**Data section:**
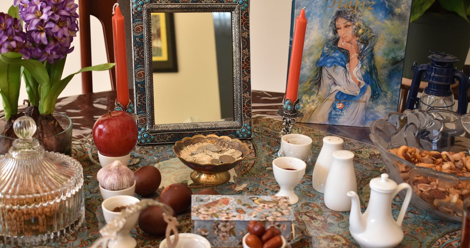 In addition to the seven core objects required for the Haft-Seen, Ladan includes extra items on the table; hard boiled eggs, dyed with red onion skins, to represent fertility. Dry rice, symbolising food. Coins for prosperity and wealth. A book of poetry by the famous Persian poet, Hafiz, is also placed on the table, alongside a mirror, candles, a prayer book, hyacinths and a goldfish. “Everyone sits around the table, waiting for the second that the New Year starts. Candles, so there will always be light and so one is enlightened. The goldfish and the hyacinths signify both life and Spring. People can look in the mirror and see their reflection and reflect on the year that passed and pray for the best for the year ahead”.
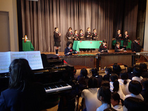 2013.12.12クラブ活動学校生活音楽クラブ クリスマスコンサート昼休みに視聴覚ホールで音楽クラブのクリスマスコンサートが開催されました。子どもたちは、やさしい音色に聴き入っていました。曲目 ハナミズキ ジングルベル ほか
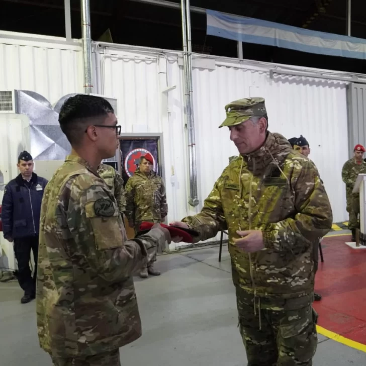 Luego de la entonación de las estrofas del Himno Nacional Argentino -acompañado por la banda militar de la Fuerza Aérea-, y tras la bendición de los diplomas, boinas y distinciones, los soldados recibieron sus certificaciones.

**Exercise description:**
The answer is the run of lines from the one with "ハナミズキ ジングルベル ほか" through the final line of the data, copied exactly, and nothing else; no pictures.

**Answer below:**
 2013.12.12クラブ活動学校生活音楽クラブ クリスマスコンサート昼休みに視聴覚ホールで音楽クラブのクリスマスコンサートが開催されました。子どもたちは、やさしい音色に聴き入っていました。曲目 ハナミズキ ジングルベル ほか
 Luego de la entonación de las estrofas del Himno Nacional Argentino -acompañado por la banda militar de la Fuerza Aérea-, y tras la bendición de los diplomas, boinas y distinciones, los soldados recibieron sus certificaciones.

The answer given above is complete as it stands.